El operativo que dejó 132 muertos no es una excepción. Es la norma. Brasil lleva décadas administrando la violencia como si fuera política pública. Las favelas, convertidas en laboratorios de control social, son el espejo más nítido de un país fracturado entre quienes pueden vivir sin miedo y quienes aprenden a convivir con él.
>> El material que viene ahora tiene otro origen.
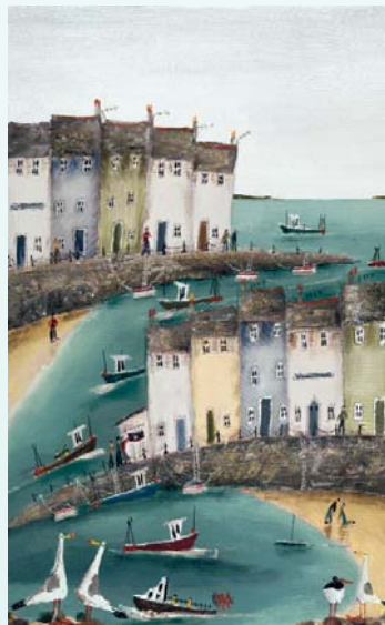
HEADING HOME II
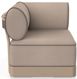
Brisa Corner Duna Cushion Mud + Mocha 06797
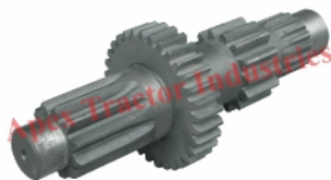
Part No. AP 305 Counter Complete 11T
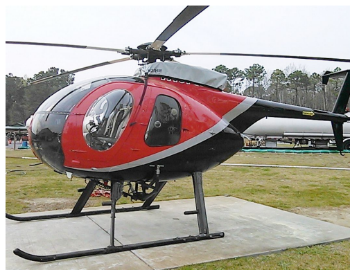
Customized Engine Cover
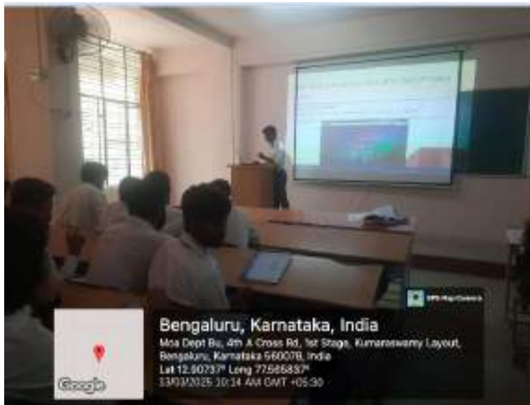
Fig 5: Students are actively participating
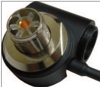
This is a mount with a UHF Female (SO-239) connector
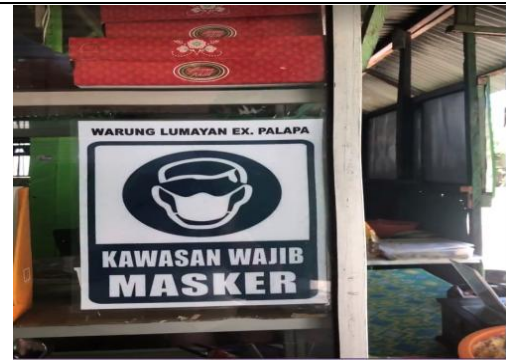
Figure 2. Mask Required Area on Lala Mentik Street

The Location of the Windshield of the Warung is not bad. The research data in figure 2 above shows several things, including:
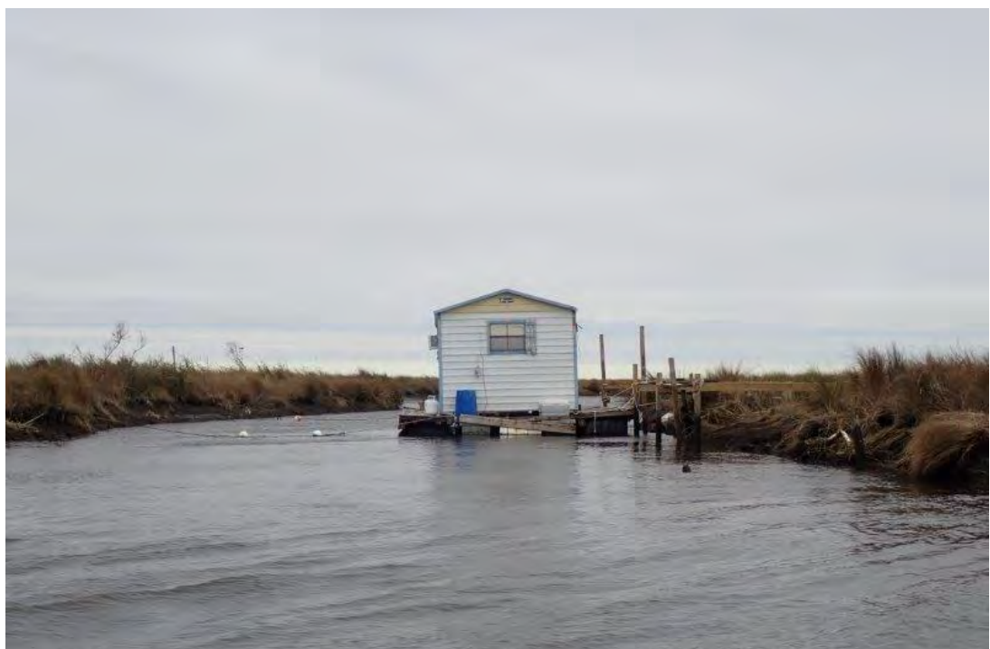
Photograph 142. Site 38: Floating Camp Structure (29°34'35.29"N, 89°59'12.66"W)
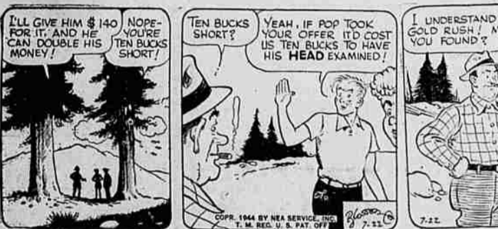
I'LL GIVE HIM $140 FOR IT, AND HE CAN DOUBLE HIS MONEY!
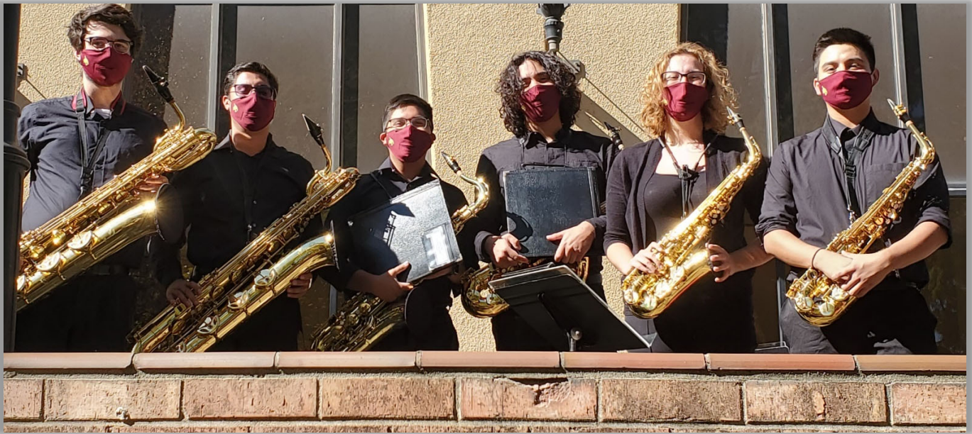
Symphonic Winds Saxophone Section
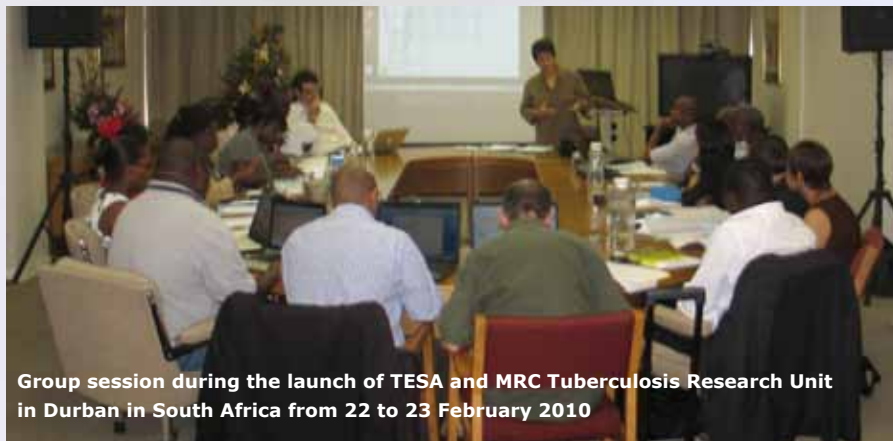
Group session during the launch of TESA and MRC Tuberculosis Research Unit in Durban in South Africa from 22 to 23 February 2010
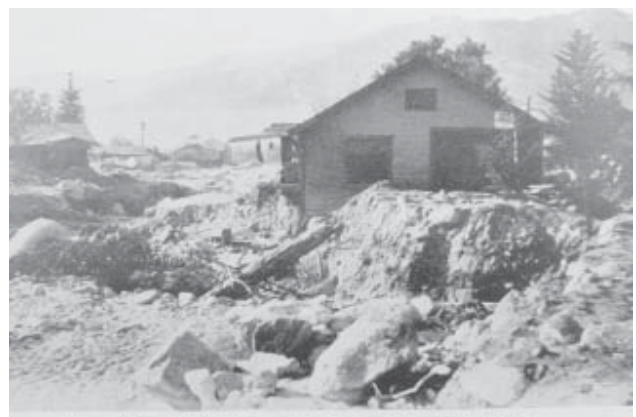
Where Death Walked-Altura Street, Looking South

The Verdugo Wash is the main stream in the City, separating Glendale into quadrants defined by the southeast to south-flowing stream, and cutting through the rising block of similar bedrock that we now refer
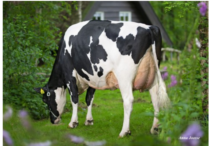
De Oosterhof Dg Rose RDC VG-89

Redlea RDC x VG-86 Gameday x GP-84 AltaAltuve RDC x VG-86 Salvatore Rc x VG-89 Rubicon x GP-83 Aikman RDC x VG-85 Man-O-Man x VG-87 Mascol x VG-88 Durham x EX-90 Rudolph
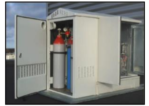
Fig. 2 - TETRA Fuel Cell Experiment
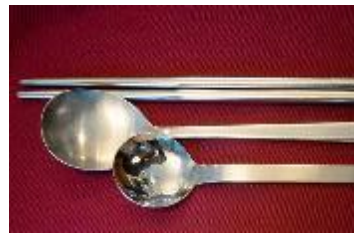
made of metal
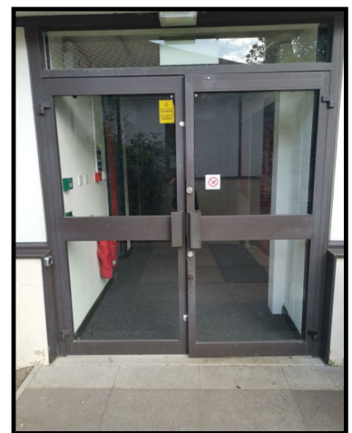
This is the entrance I will use
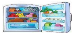
3. F _____
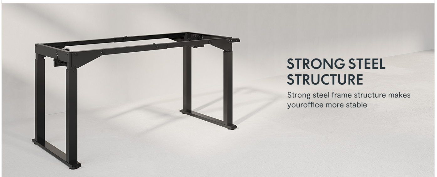
Image: The robust 4-leg frame of the SANODESK standing desk, providing enhanced stability.
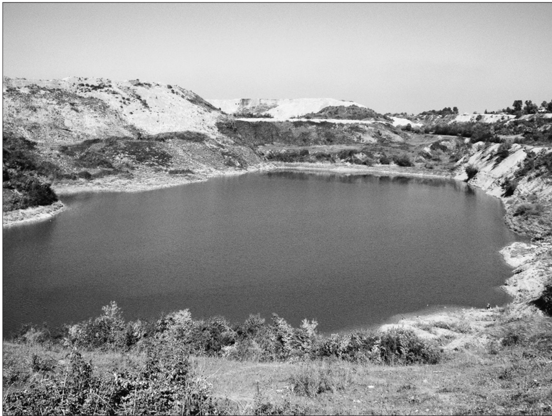
Figure 4 Anthropogenic Lake Ćenda (Đurđevik basin); Author: S. Smajić, September, 2007

the Rhine basin, which all give exquisite charm to the re-cultivated land. Some of the largest lakes cover the area up to 70 ha (Goedecke, 1978).
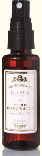
pure rose water 50 ml
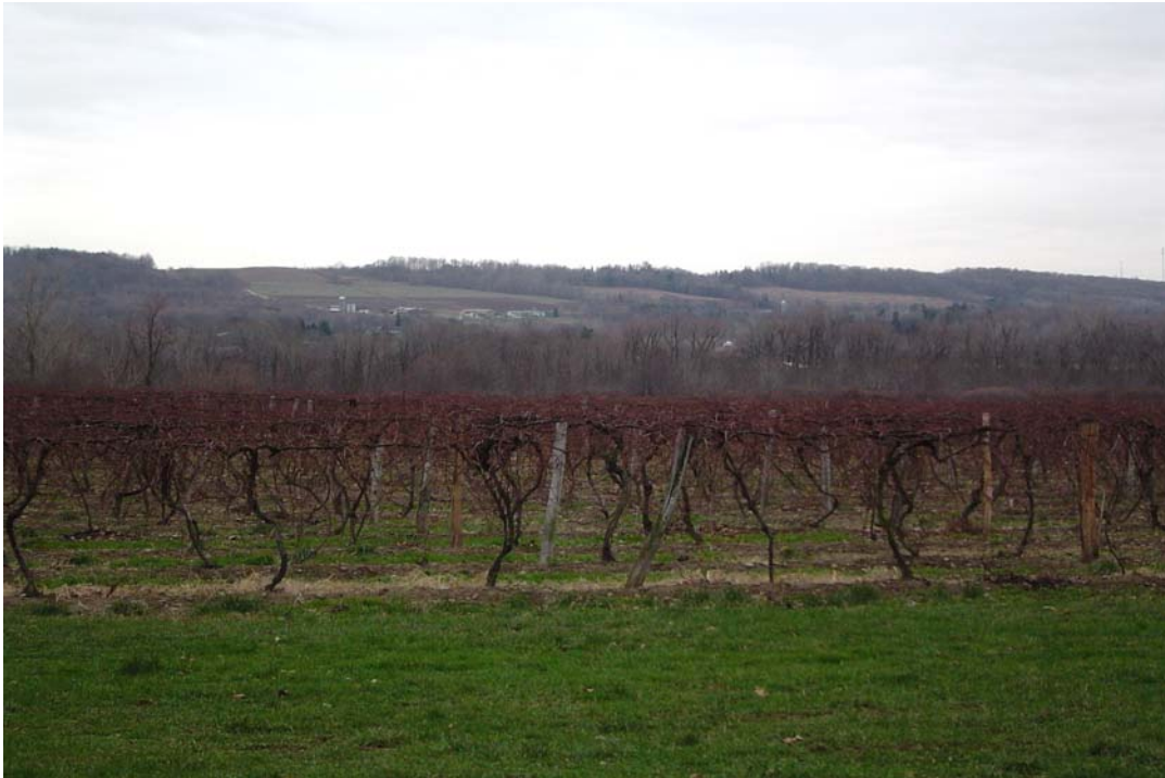
Figure 1-9. View of Lake Escarpment from south of 31 South Gale Road, south of West Main Street (US 20), facing south-southwest from the western edge of Westfield Village.
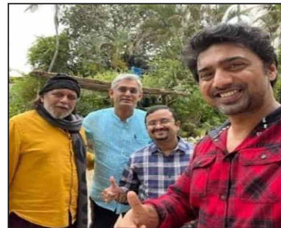
Dev -Mithun Charkborty together on screen again, shooting of 'Prajapati' starts in Bidhannagar. July 5, 2022.

at 2.3 lakh whereas there are allowances also on accommodation if it is not provided by the government. The respective salaries of MLAs in Andhra Pradesh, Tamil Nadu, Uttarakhand, Chhatisgarh, Mizoram and West Bengal stand at 25,000, 1.5 lakh, 30,000, 25,000, 40,000 and 4,000, respectively. Chhatisgarh lawmakers get allowances like orderly allowance to the tune of 15,000, medical allowance of 10,000. Thus, the cumulative salaries of Uttarakhand MLAs is over 1.82 lakh while those of the AAP ruled Punjab is near 95,000. The Mizoram MLAs draw close to 1.50 lakh. Delhi MLAs have raised the issue of low salary several times in the past with Vishesh Ravi even saying in 2018 that unmarried MLAs find it difficult to find brides. Chief Minister Arvind Kejriwal had said that their is an honest government and their MLAs do not indulge in corruption. Salaries and allowances of Delhi MLAs were last increased in 2011. The monthly salary of an MLA in Delhi was 12,000 but after the bill, which will go for President's approval, it will be 30,000.
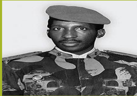
Thomas Isidore Noël Sankara was a Burkinabé militant social justice campaigner and President of Burkina Faso from 1983 to 1987. He was viewed by supporters as a charismatic and iconic figure of revolution Born: 21/12/1949, Assassinated: 15 /10/1987
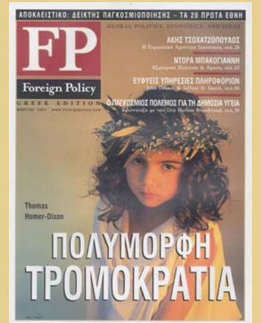
FP Greece Stand-alone edition published bimonthly by Greece's International Centre of Education and Research. In Greek, featuring articles translated from FP , plus regional content.
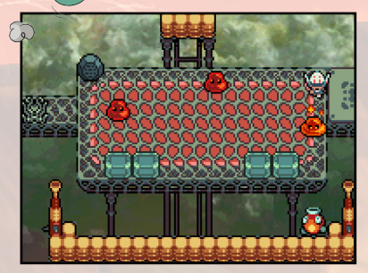
This unique gate will only open if all the slimes are set on fire!

Río de Janeiro, la “cidade maravilhosa”, vuelve a mostrar su rostro más cruel: el de un Estado que, incapaz de ofrecer futuro, impone silencio a través del plomo. En las colinas donde el samba nació, el sonido de los tambores fue reemplazado por el de los fusiles. Y mientras tanto, el mundo mira horrorizado, pero con la misma indiferencia de siempre. Porque la violencia latinoamericana, cuando no amenaza al turismo ni a los mercados, se consume como espectáculo.
Al final del día, los muertos en Río no son noticia por su nombre, sino por su número. Ciento treinta y dos. Otro episodio más en una guerra que Brasil nunca decidió declarar, pero que sigue librando todos los días, contra sí mismo.